The Goddess of Pomona has a brief breakdown of the 61st State Assembly District race, complete with an image of Pomona Mayor Norma Torres posed like a counterweight on a bit of heavy construction machinery.
The 61st is safely Democratic, so the winner will be decided in the June primary election. There are four candidates vying for the chance to be the Democrat in the November election: Torres; attorney, teacher and Claremont Graduate University alum Ken White; Ontario community activist Paul Vincent Avila; and Chino business man Maurice Ayala.
Claremont, by the way, is in the 59th Assembly District and is represented by Anthony Adams (R-Hesperia). The 59th District has been a fairly safe Republican district, just as the 61st has been reliably Democratic, though in Claremont, the traditional party labels don't always apply.
On the Goddess of Pomona's post, there are are a number of comments, including one from Calwatch, who says that Torres will win the primary because the other primary candidates will split the non-Torres vote. We've seen this phenomena in Claremont municipal elections, often with the Claremont 400 intentionally supporting losing candidates simply to help split up the opposition vote (think Mike Maglio 2007). Divide and conquer really sums up this campaign strategy - Norma's taking one right out of the Claremonsters' play book.
Calwatch also gives his take on how Torres was elected mayor of Pomona: Torres received 1,651 votes, out of a city of 170,000. Even granting that half the population is too young and half of the rest are not citizens, that is horrible (44,000 registered voters in Pomona). Torres is literally representing 1% of Pomona's population.
This non-representativeness might actually be more widespread than we thought. It might also explain an article we saw recently in the Daily Bulletin reporting on a UC Riverside study that found inequities in the way Inland Empire local governments fail to adequately speak for large segments of citizenry. The UCR study focused on race, and that may indeed still be a factor in Claremont, but we Insiders believe the root problem really seems to lie with the elites, here and elsewhere, that control the avenues to office.

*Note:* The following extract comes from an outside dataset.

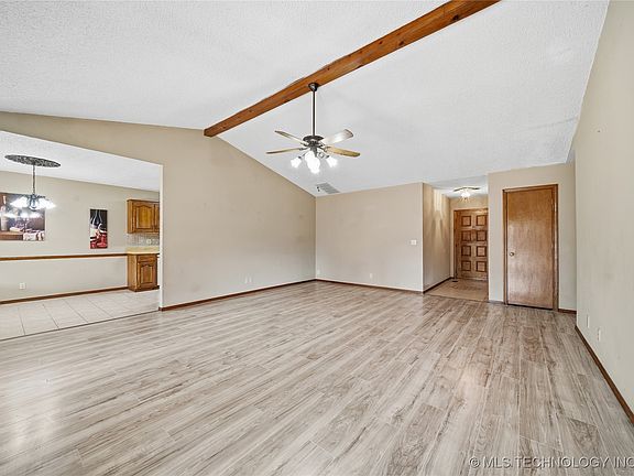 MOVE IN READY AND FULL OF CHARM! All types of buyers! Step into a welcoming foyer that opens to a spacious living room with soaring cathedral ceilings, a wood burning floor-to-ceiling brick fireplace, and large windows that fill the space with natural light and access to the patio for outdoor living. The kitchen has refinished cabinets, stylish butcher-block countertops, and a convenient pantry. Outside, relax or entertain on the covered patio overlooking a fully fenced backyard—perfect for gatherings or quiet evenings. Recent upgrades: brand-new roof, new flooring in the living room & hall, and new bathroom commodes and shower fixtures and garbage disposal. Also, approx. 2 years ago: New heat and air, water heater, smart garage door & LED spotlight and privacy fence! This location puts you super close to major amenities and the creek turnpike! You are just 5 miles from the hospital and 2.3 miles from Walmart and 2.6 miles to Sam's Club! Enjoy an abundance of major shopping, the mall, restaurants galore and entertainment along 71st street and beyond!

Those elites, whether they have their base in party affiliations as in Norma Torres' case, or in social and service organizations as in Claremont (the League of Women Voters or the Claremont Community Foundation, to name two), tend to be disconnected from the problems and opinions of many voters.
Because they only include people of like minds, their ideas are never really tested, and they develop an arrogant, insular close-mindedness. Intellectual inbreeding, just like the genetic sort, has dire consequences for a population. The pool of available ideas becomes narrower and narrower, and the decisions become ever more disconnected from reality.
A possible solution the UCR study proposes is outreach to outside groups:
One key to bridging the gap between political power and some emerging advocacy groups is simple contact. Referring to one of the report's overall assessment - that the region in many ways still embodies the small-town mentality of power couched in a few small circles - the authors call on public officials to enlarge their base and contacts with what are now essentially fringe groups.
Here, as is apparently the case in the rest of the Inland Empire, the people running the show practice exclusion on a regular basis and consider it a virtue. Just ask Claremont historian and former mayor Judy Wright, who has devoted a couple books to mythologizing Claremont's town fathers and mothers.
But none of this is new. It's just not a race-based exclusionary policy; rather, it's a closing of the mind by keeping out people who think differently: "We made this town. We know better than you."
The process, though, is the same sort of small-minded intolerance whether here, or in Colton, or in rural West Virginia (almost the hickiest place, according to one Claremonster). It's a bit like the difference between the inbreeding that might have gone on in an isolated rural community compared to that of the Hapsburgs, Bourbons, and Wittelsbachs of Europe. There may be class differences, but it's all the same process and has the same consequences. The Claremont 400 may consider themselves a sort of local aristocracy with a divine right to rule, but that doesn't hide the webbed feet and pig tails.